Hi, I maintain a public-domain Chinese-English dictionary supplement (currently about 64,000 entries), it's data that is not usually in "normal" dictionaries but still useful to have in a reader (mostly names of people and places). If including these extra entries, I would suggest labelling them in some way to differentiate them from the "main" CEDICT, as it seems the CEDICT editors are not sure they want to merge in CedPane entries en-masse (and anyway I'm still writing it).
If you do want to merge in, I think the best starting point would be the CedPane ChinaScribe file because the format of that is quite similar to CEDICT. The main difference is that some of the pinyin syllables are separated with _
instead of space: this indicates a word boundary in a multi-word phrase; if you can't cope with multi-word phrases then these entries are possibly best dropped. And some of the definitions are in <
...>
to indicate an environment (e.g. PRC, TW, netspeak, etc). Other than that it's basically the same apart from the sort order.
I don't know what is your current method of generating cedict.idx
and your modified cedict_ts.u8
from upstream (do you have scripts to do this / can you put them in the repo for reference?), but I'd imagine merging in another source (and perhaps labelling every definition with [CedPane]
or similar so as to differentiate them from mainline CEDICT) shouldn't be difficult.
It's nice that you are able to push out several updates a year. I currently tend to publish my CedPane edits on the last day of each month, although that's not a guarantee. If you do a git pull
from my repo as part of your normal update script, that should work. Alternatively on the CedPane home page there's always a "Last update" and entry count.
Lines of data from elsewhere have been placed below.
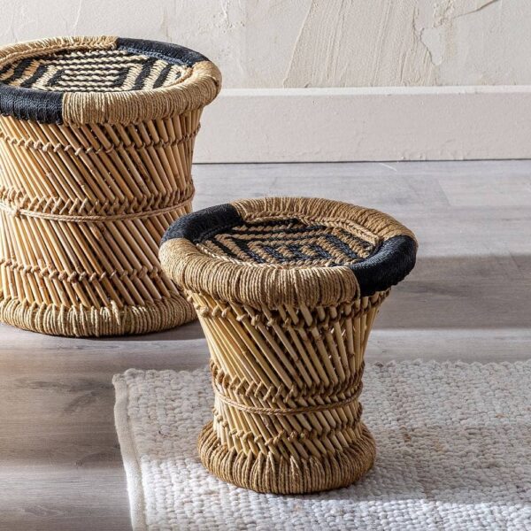 Decora tu hogar con este set de 2 mesas auxiliares de fibra natural, ideales para un toque orgánico y acogedor. Hechas de bambú y fibra natural, son perfectas para estilos rústicos o bohemios. ¡Transforma tu espacio con esta pieza artesanal y funcional!
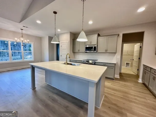2 +/- ACRES IN NORTH TROUP COUNTY WITH TWO BEDROOMS ON THE MAIN! The Smithfield Plan features foyer opening to Dining Room. The Dining Room features trim work accent for added detail. The Family Room offers Vaulted Ceiling and wood burning Fireplace with Brick or Stone Hearth. This plan offers an open flow from Family Room/Kitchen/Breakfast Area. The Kitchen boasts shaker style cabinets, quartz or granite counters, tile backsplash, stainless appliances, and pantry. The island is a great place for serving or entertaining! On the main level, you’ll find a nicely sized Owner’s Suite with vaulted ceiling and can lighting. The Owner’s Bathroom features tiled shower, garden tub with tile surround, double vanity, and a walk-in closet. Additionally, on the main level you’ll find a guest bedroom and bathroom. On the second level you’ll find a flex room ideal for playroom, media space, or office. Two guest bedrooms share a hallway bathroom featuring tiled flooring and quartz or granite counters. Each guest room is pre-wired and braced for a ceiling fan. This beautiful home features a FOAM INSULATED ATTIC, total electric construction, and architectural shingled roof. **SMART HOME TECHNOLOGY PACKAGE included for convenience** Perkins Place offers quaint living, but easy access to I-85 for commuters! Up to $6,500 toward closing costs assistance available when using builder’s preferred lender!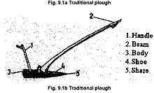 Almost all farming tools in Ethiopia are traditional and made of from different wood materials.[22] These tools includes sickle, pick axe,plough shaft, ploughshare, plow, beam and animal force as a machines. The plough shaft, beam and ploughshare are made of wood and the sickle, pick axe, plow are made of metal. ploughing the land using these tools is ambiguous and time consuming.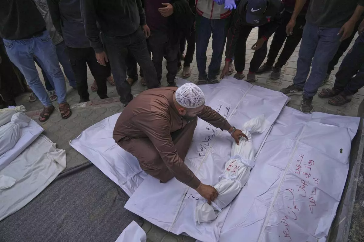 A morgue worker places the body of a child among the bodies of other victims killed in at least two separate Israeli army strikes, ahead of a burial ceremony outside Al-Shifa hospital in Gaza City, Monday, May 5, 2025. (AP Photo/Jehad Alshrafi)

(I used to make a text file of CedPane available for download from the home page, but then a developer in China thought it was a good idea to write a lookup extension that re-downloads CedPane from my server every time it was used, which caused hundreds of gigabytes of traffic—when I say “keep up to date” I don't mean that much☺ You can still get it from the home page but it's now a ZIP file which I hope will discourage our extension-writing friend from hammering my server. Meanwhile it also lives on the major Git providers which have more bandwidth. Including the data in the extension with periodic updates, as you do, does seem to be a better way.)